= Email attachment =

Computer file sent along with an email

An email attachment is a computer file sent along with an email message. One or more files can be attached to any email message, and be sent along with it to the recipient. This is typically used as a simple method to share documents and images.

==History, and technical detail==
Originally, ARPANET, UUCP, and Internet SMTP email allowed 7-bit ASCII text only. Text files were emailed by including them in the message body. In the mid 1980s text files could be grouped with UNIX tools such as bundle and shar (shell archive) and included in email message bodies, allowing them to be unpacked on remote UNIX systems with a single shell command.

The COMSYS/MSGDMS system at MIT offered "Enclosures" beginning by 1976. Users inside COMSYS could receive the enclosure file directly. Messages sent to users out of the COMSYS world sent the enclosure as part of the message body, which was useful only for text files.

Attaching non-text files was first accomplished in 1980 by manually encoding 8-bit files using Mary Ann Horton's uuencode, and later using BinHex or xxencode and pasting the resulting text into the body of the message. When the "Attachment" user interface first appeared on PCs in cc:Mail around 1985, it used the uuencode format for SMTP transmission, as did Microsoft Mail later.

Modern email systems use the MIME standard, making email attachments more utilitarian and seamless. This was developed by Nathaniel Borenstein and collaborator Ned Freed, with the standard being officially released as RFC2045 in 1996.

With MIME, a message and all its attachments are encapsulated in a single multipart message, with base64 encoding used to convert binary into 7-bit ASCII text; or, on some modern mail servers, optionally full 8-bit support via the 8BITMIME extension.

==Size limits==
Email standards such as MIME do not specify any file size limits, but in practice, email users will find that they cannot successfully send very large files across the Internet.

This is because of a number of potential limits:
- Mail systems often arbitrarily limit the size their users are allowed to submit.
- A message will often pass through several mail transfer agents to reach the recipient. Each of these has to store the message before forwarding it on, and may therefore also impose size limits.
- The recipient mail system may reject incoming emails with attachments over a certain size.

The result is that while large attachments may succeed internally within a company or organization, they may not when sending across the Internet.

As an example, when Google's Gmail service increased its arbitrary limit to 25MB it warned that: "you may not be able to send larger attachments to contacts who use other email services with smaller attachment limits".

Also note that all these size limits are based, not on the original file size, but the MIME-encoded copy.

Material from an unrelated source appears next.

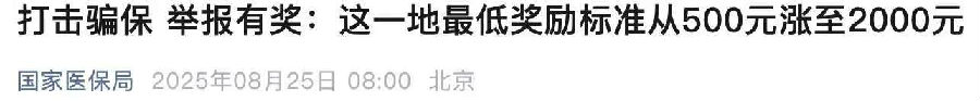 8月25日,國家醫(yī)保局轉(zhuǎn)發(fā)重慶日報文章,其中提到,違法違規(guī)使用醫(yī)?;鸬呐e報獎勵的最低標(biāo)準(zhǔn),由原來的不少于500元,提高到不少于2000元。

The common Base64 encoding adds about 37% to the original file size, meaning that an original 20MB file could exceed a 25MB file attachment limit.
A 10MB email size limit would require that the size of the attachment files is actually limited to about 7MB.

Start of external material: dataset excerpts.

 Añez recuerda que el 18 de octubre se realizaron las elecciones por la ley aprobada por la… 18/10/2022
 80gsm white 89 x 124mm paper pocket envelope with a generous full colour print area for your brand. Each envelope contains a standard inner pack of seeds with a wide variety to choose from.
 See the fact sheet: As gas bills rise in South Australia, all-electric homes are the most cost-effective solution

Users should be cautious with certain file formats when received as email attachments, such as .zip and .tgz files, because they can contain harmful viruses and potential software. .iso files can also be used to spread malware and .exe is an executable file that can become active on a computer as soon as it is opened.

==Malware==

A lot of malware is distributed via email attachments with some even considering such to be the main vector for cyberattacks on businesses. Users are advised to be extremely cautious with attachments and to not open any attachments that are not from a trusted source and expected − even if the sender is in their address book as their account might have been taken over or misused. While many email servers scan attachments for malware and block dangerous filetypes, this should not be relied upon − especially as such cannot detect zero-day exploits.

===Dangerous file types===
Email users are typically warned that unexpected email with attachments should always be considered suspicious and dangerous, particularly if not known to be sent by a trusted source. However, in practice this advice is not enough – "known trusted sources" were the senders of executable programs creating mischief and mayhem as early as 1987 with the mainframe-based Christmas Tree EXEC.

Since the ILOVEYOU and Anna Kournikova worms of 2000 and 2001, email systems have increasingly added layers of protection to prevent potential malware. Now, many block certain types of attachments.